老陈握着炭条,手抖得厉害,却一笔一划写下:
白水船夫陈老三,见沈家血门显字:家主沈怀璋。
写完,他看着那行歪歪扭扭的字,忽然红了眼。
“我写下来了。”
林木木点头。
“对。”
“写下来,就不是他们一句话能抹掉的。”
吴青站在血门不远处。
他没有动。
也没有说话。
可是林木木知道,他一直在看她。
她没有回头。
她怕自己一回头,就会看见他眼里那种让人心口发疼的东西。
现在还不行。
现在要把现场稳住。
沈照白进了守书门。
沈持正失血倒下。
沈家最想做的,一定是封门、清场、改口。
她不能让他们那么顺利。
赵云娘写不了字。
她站在桌边,看着别人写,手指发抖。
林木木走过去。
“你说,我写。”
赵云娘怔住。
“我?”
“嗯。”
“写什么?”
林木木拿起笔。
“写你看见的。”
赵云娘看向血门,又看向吴青。
她声音很轻:
“赵云娘,见沈家血门显字,吴青为沈家家主沈怀璋之子。

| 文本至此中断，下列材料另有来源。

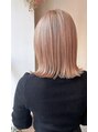 ○お客様のスタイルです。【スタイルは、ブックマークをしてご提示よろしくお願い致します】ミディアムスタイルです。仕上げに、コテで外巻きにしています!!仕上げは、バームをつければ簡単!カラーは、全体ブリーチ二回にon colorでピンクベージュに!!
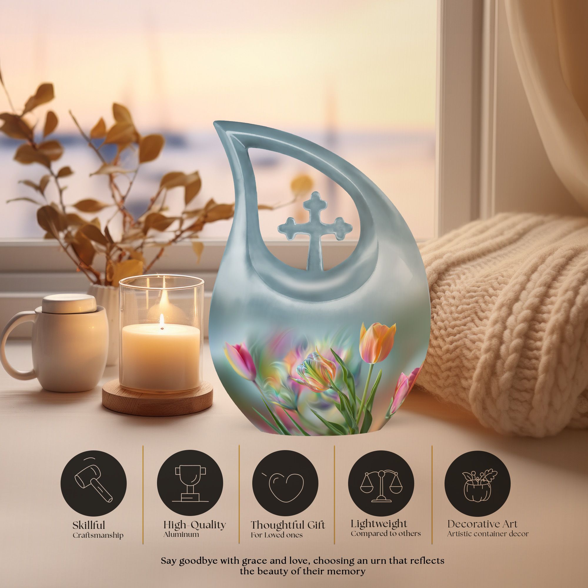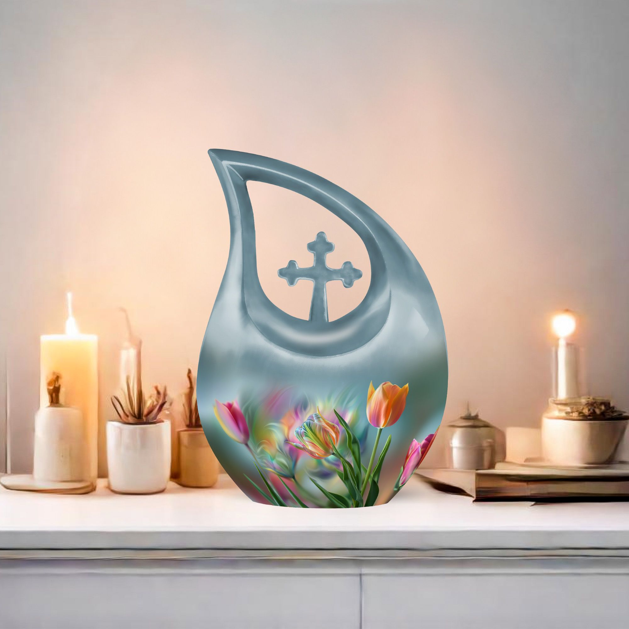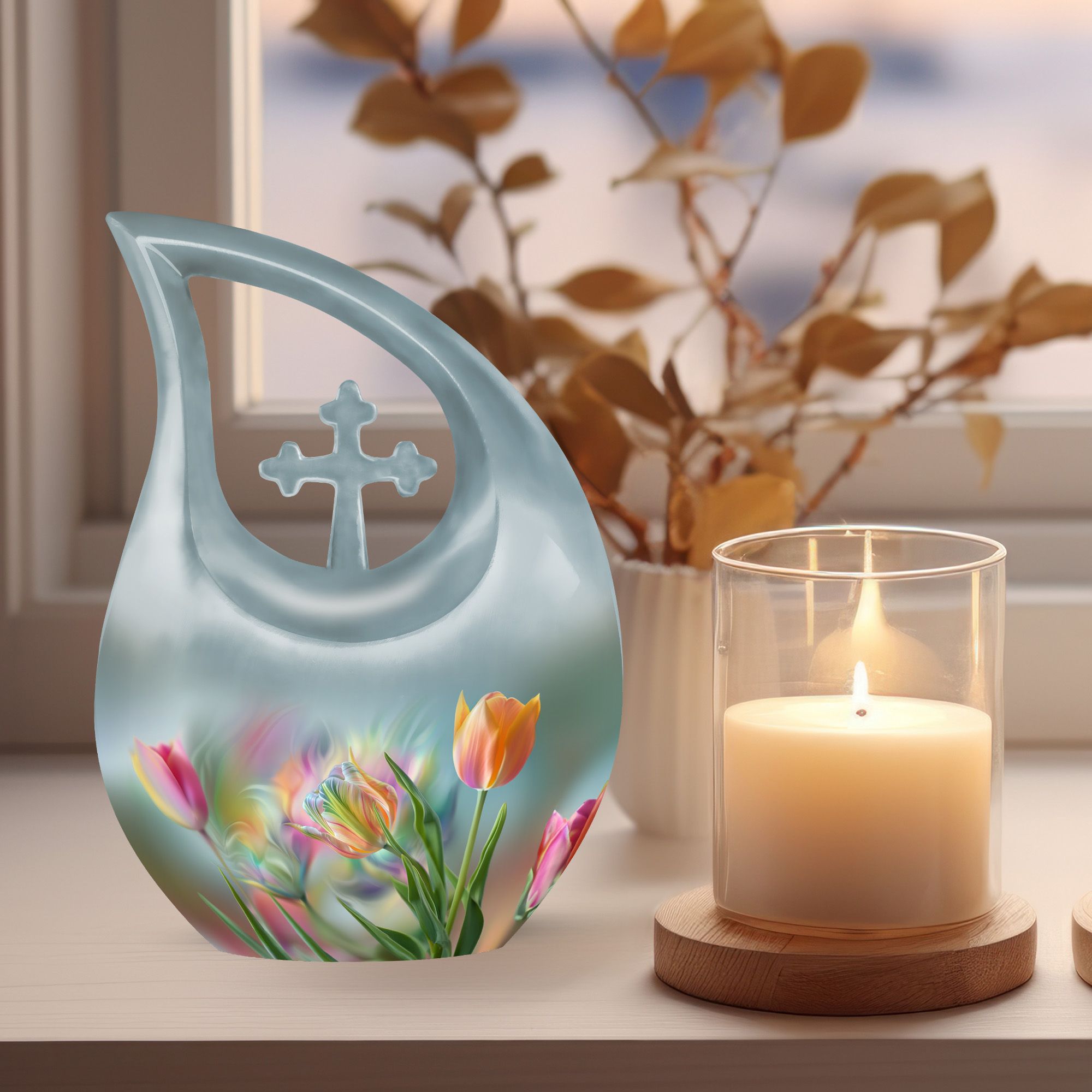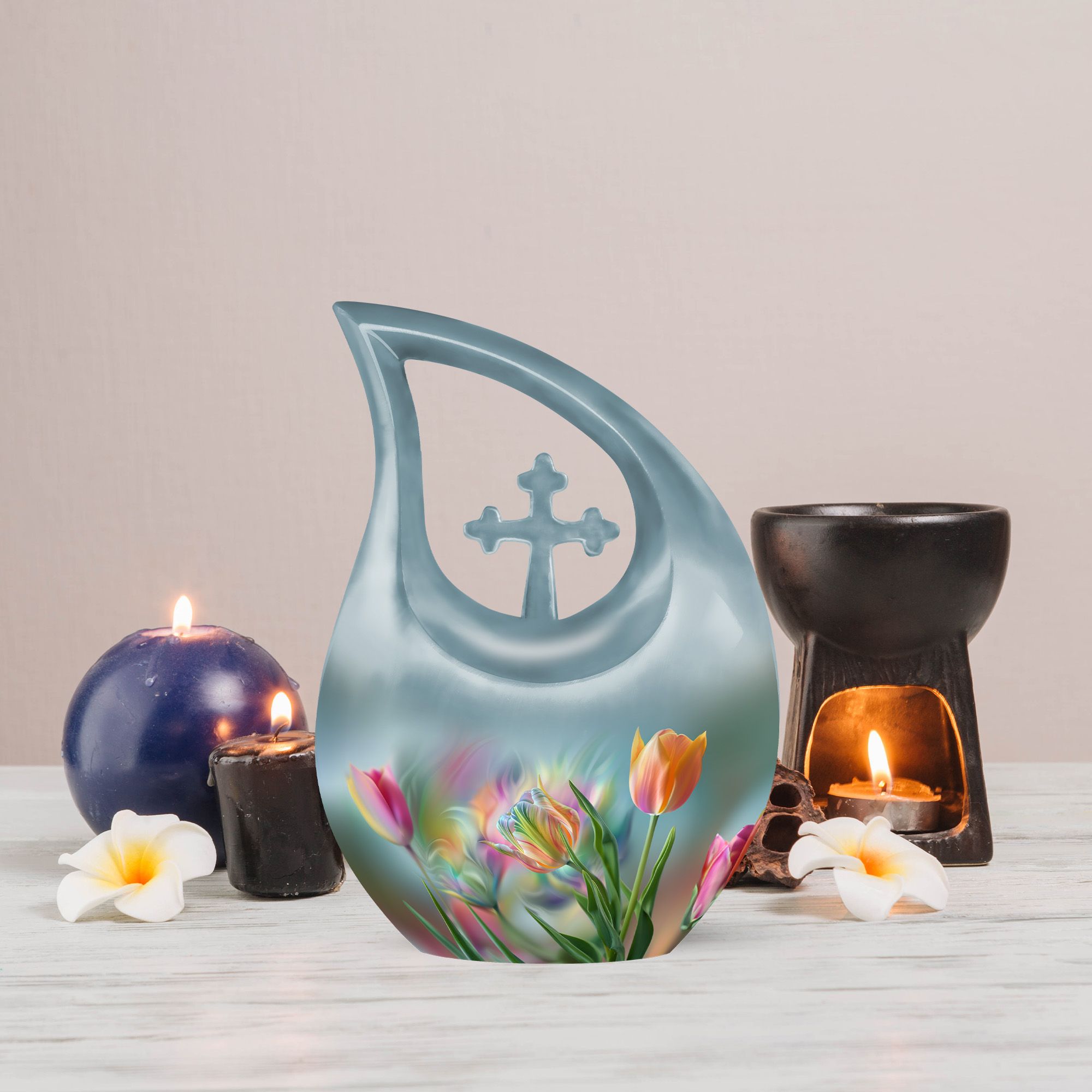 Selecting a resting place is an act of deep love, and this Pastel Tulip Cremation Urn offers a gentle, comforting tribute. With its soothing blue tones and floral symbolism, it is ideal for families seeking adult cremation urns, cremation urns for ashes, or a meaningful cremation keepsake urn to honor cherished memories.
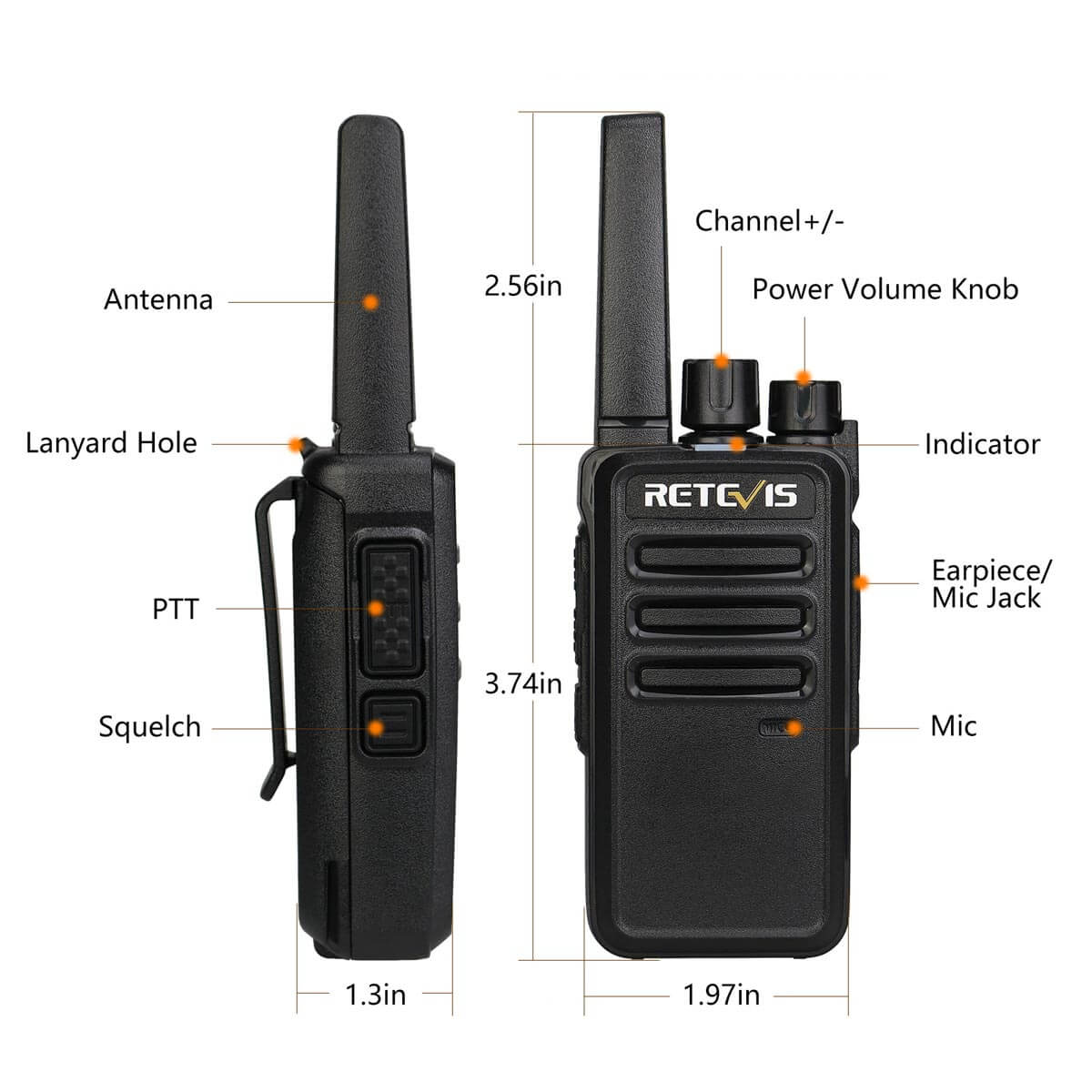 Retevis RT68 license-free two-way walkie-talkie, with a stylish appearance, a comfortable feel, a sturdy shell, wear-resistant, and not easy to scratch. One meter of free fall, no damage to the two-way radio casing, the radio can continue to work. The power/volume adjustment knob has a protective device on the outside. It protects the knob when the walkie talkie is dropped. This radio is suitable for warehouses, docks, construction sites, tourism, hotels, logistics, factories, etc.
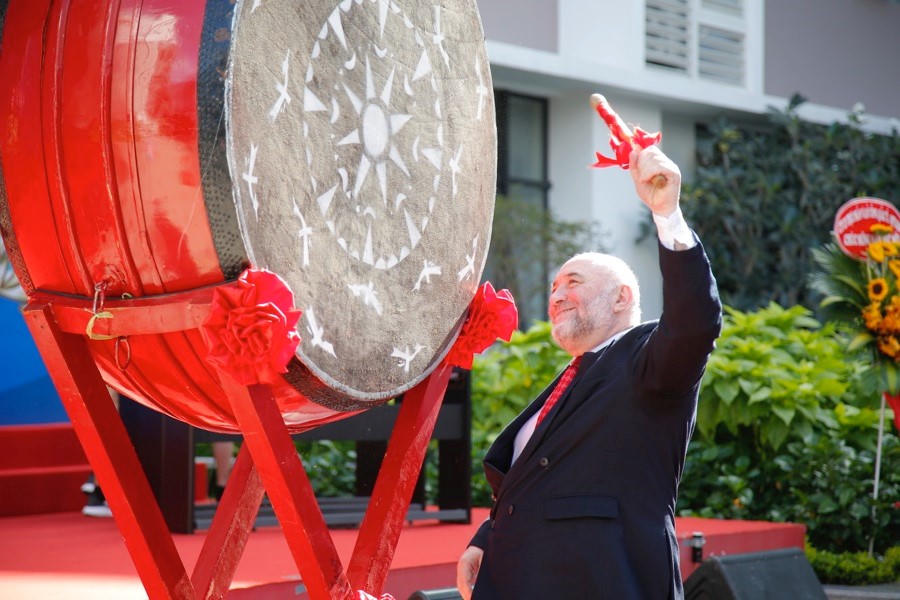Thầy Sean P. O’Maonaigh - Giám đốc Chương trình Cambridge đánh trống khai giảng, bắt đầu năm học mới.
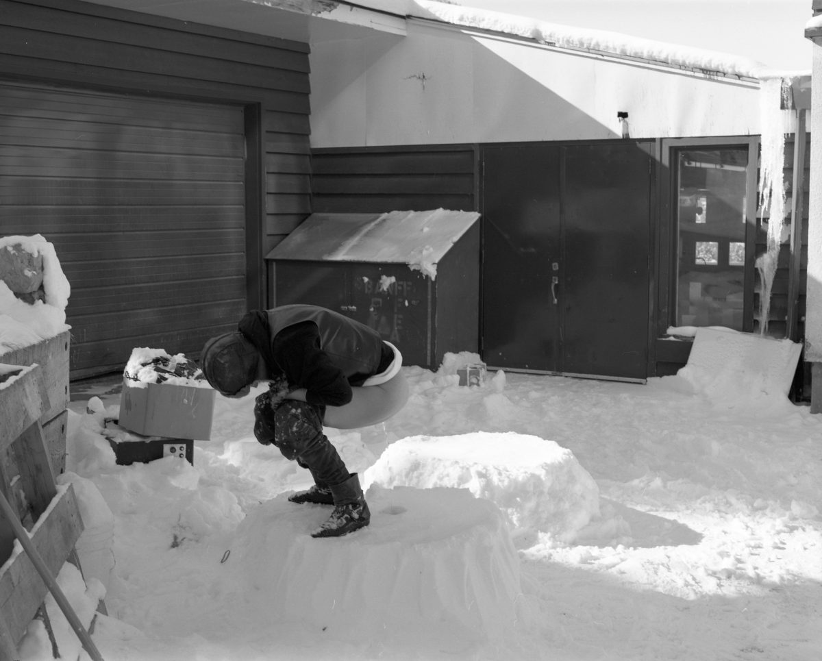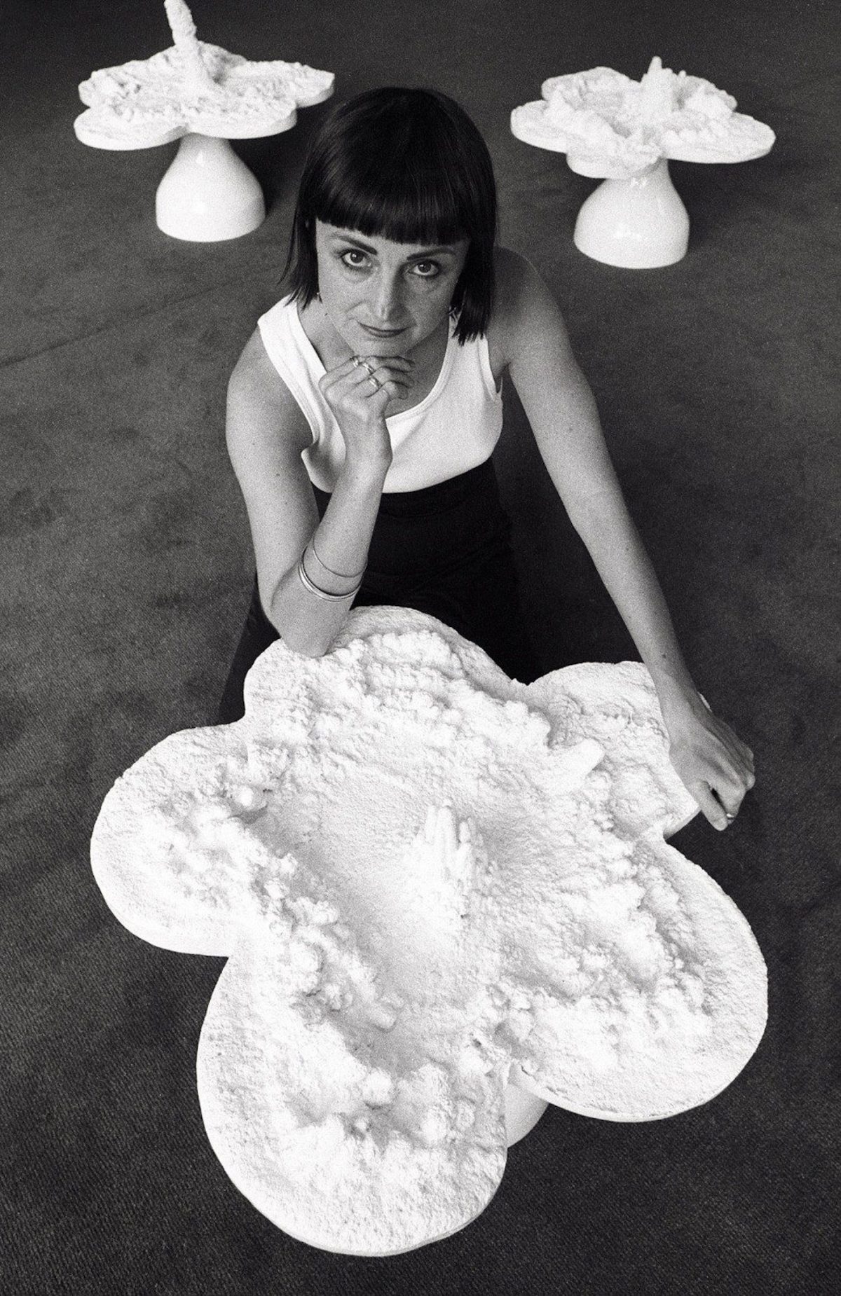 Smith’s essay traces the evolution of Chadwick’s practice, beginning with student exhibitions at Brighton Polytechnic and her 1977 master’s thesis show, In The Kitchen — in which Chadwick and several female classmates performed in the nude, covered partially by handmade sculptures resembling kitchen appliances. She chronicles Chadwick’s first major solo exhibition, Of Mutability at the Institute of Contemporary Arts in London in 1986 and what is arguably her most famous work: “Piss Flowers” (1991–92), painted bronze sculptures cast from the mounds of compacted snow onto which Chadwick and her husband, David Notarius, had urinated.
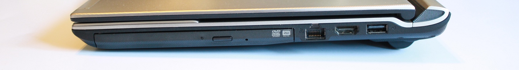 På dess högersida hittar vi en USB 2.0, en HDMI och en RJ45 LAN (Ethernet). Här hittar vi även den optiska läsaren, som vi har en kommentar om. Det går nämligen att vicka lite på luckan, men det är ingenting vi skulle säga förstör helhetsintrycket av datorn.
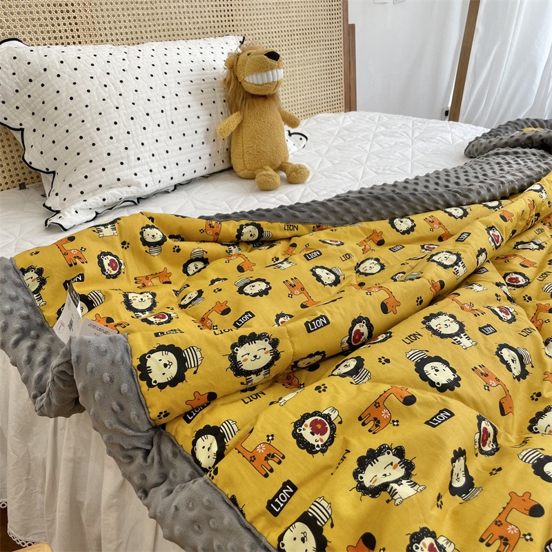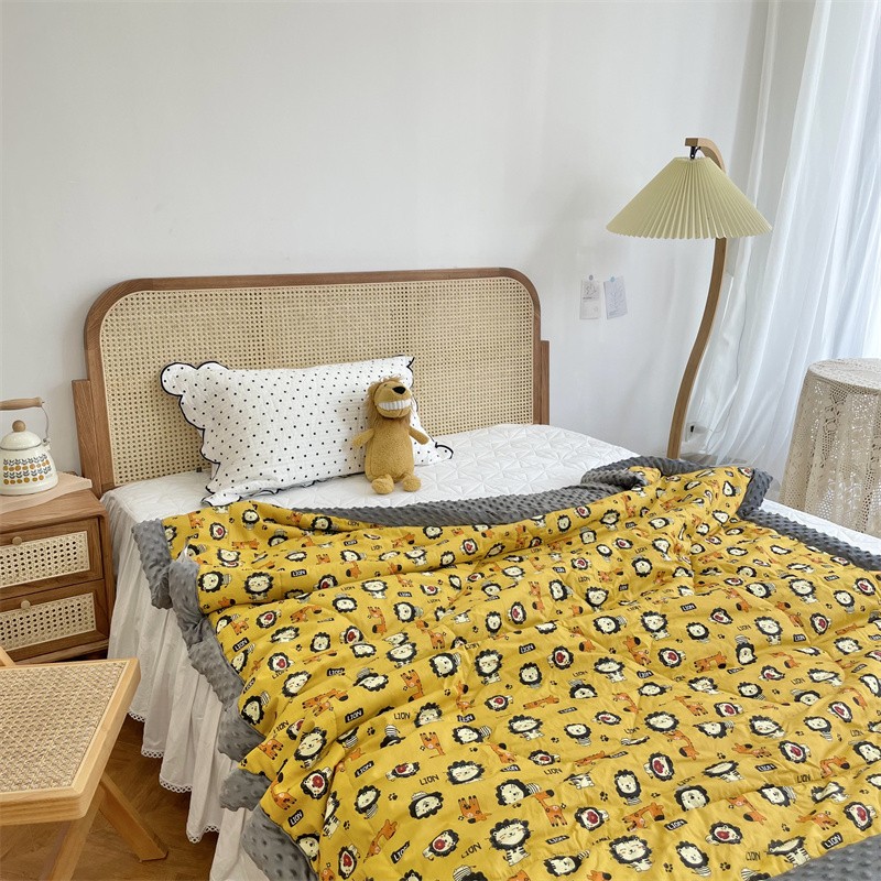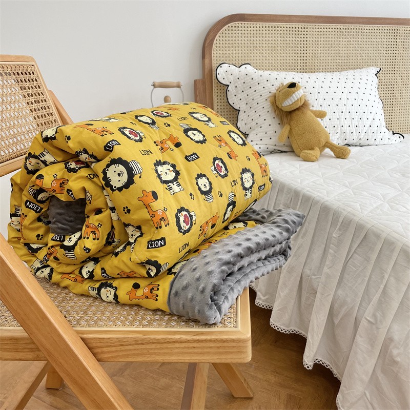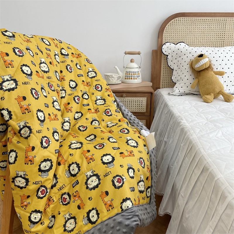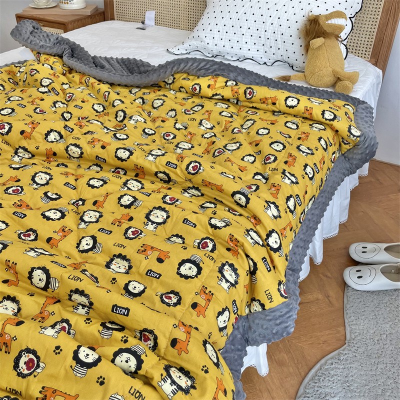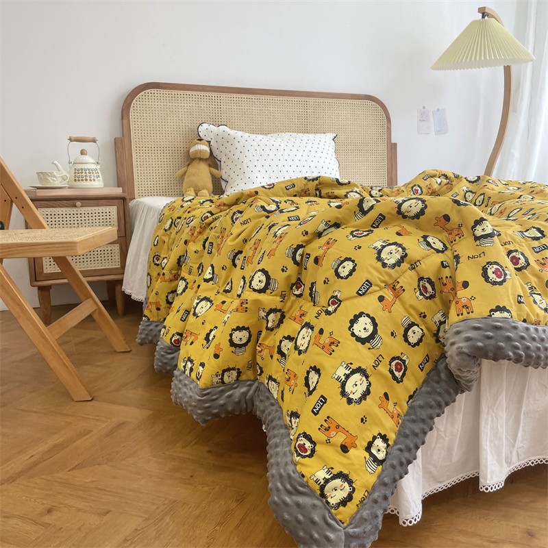 源启生活 2022新款韩国手工包边豆豆单人被被子被芯 小狮子

”
林木木写下来。
赵云娘又道:
“赵云娘,昔年曾亲手抱吴青归青蘅。”
“赵云娘,昔年惧怕沈家,未敢作证。”
她停了一下,眼泪落下来。
“今日补证。”
林木木笔尖一顿。
然后把这四个字写下。
今日补证。
赵云娘看着那行字,忽然捂住嘴,哭得发不出声。
不是崩溃。
像是一个人背了二十多年的东西,终于有了一点落地的声音。
沈持正看着满堂的人写字,脸色难看到极点。
“拦住他们!”
沈家弟子立刻要上前。
吴青终于抬眼。
只是抬眼。
没有动手。
可那些弟子脚步同时停住。
因为吴青眼底的青色还在。
很淡。
却很冷。
像一条蛇伏在草里,不出声,只等你再往前一步。
林木木看见这一幕,立刻轻轻扯了扯青线。
一下。
暂时没事。
吴青眼睫一动。
那股妖息又收了一点。
他没有让沈家弟子靠近。
但也没有攻击他们。
很好。
林木木把这点也记在心里。
回去要表扬。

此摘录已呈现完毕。